Description
pretty-format-json
modifies floating point numbers that have too many digits of precision.
Background
I have to work with JSON files that may be generated by non-python programs. These files, for whatever reason, have numbers that have up to 16 digits after the decimal place.
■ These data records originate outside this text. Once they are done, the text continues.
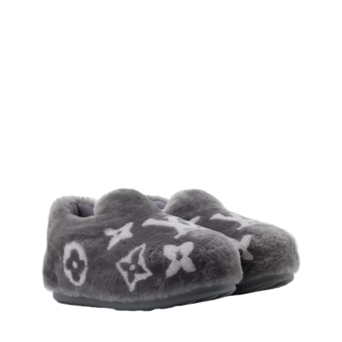 The LV Yeti slip-on comes in soft, warm shearling, into which the Monogram pattern is integrated using the intarsia technique, which requires exceptional craftsmanship. Inspired by the Japanese tradition of removing shoes on entering a building, this model replicates the easy fit and cozy feel that are fundamental to Japanese streetwear. Perfect for après-ski, this style is finished with a rubber footprint outsole.
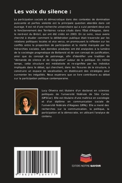 La participation sociale et démocratique dans des contextes de domination puissante et parfois violente est la principale question abordée dans cet ouvrage. Il est né d'une recherche universitaire qui a suivi pendant deux ans le fonctionnement des Territoires ruraux situés dans l'État d'Alagoas, dans le nord-est du Brésil, qui ont été créés en 2003. En ce sens, nous avons cherché à étudier comment la délibération publique était traversée par les relations politiques locales et vice versa, en promouvant la réflexion sur les conflits entre la proposition de participation et la réalité marquée par les hiérarchies sociales. Les données produites ont été analysées à la lumière de la sociologie pragmatique de Boltanski et de son concept de justification, ainsi que du concept de patronage, afin d'identifier une tradition de "demande de silence et de résignation" autour de la politique. En même temps, cette structure est médiatisée et re-signifiée par les individus impliqués dans le débat, qui cherchent, dans les fissures de la structure, à construire un espace de vocalisation, en établissant des stratégies pour surmonter les inégalités. Nous espérons que ce livre contribuera au débat sur la participation politique contemporaine.
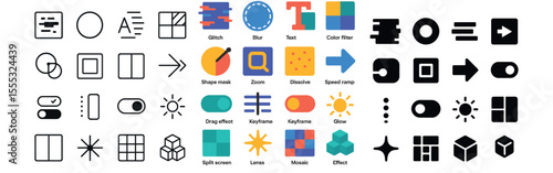 Creative effects icons set – flat, glitch and blur design symbols for projects

(It's absurd, really. The people taking these measurements are somehow able to measure 0.1μHz on a 10GHz scale?? Yeah, they're saving values like 5.9257052820783001 GHz
. Someone needs to teach them about significant figures... but that's beside the point. The point is I have to deal with this data 😒)
Steps to Reproduce
- Create the following json file:
{"foo": 4.4257052820783003}
- Run pretty-format-json on it.
Expected Output:
{
"foo": 4.4257052820783003
}
Actual Output:
{
"foo": 4.4257052820783
}
The diff from expected is:
{
- "foo": 4.4257052820783003
+ "foo": 4.4257052820783
}
Version Info
- pre-commit: 2.19.0
- pre-commit-hooks: v4.2.0
- Python: 3.8.8
- OS: Debian 11
Discussion
This might be something that has to be fixed within the python builtin json
package. A custom JSON encoder/decoder that wraps things using decimal.Decimal
might work too.
I've created a test case for this. See my high-precision-numbers branch or the diff.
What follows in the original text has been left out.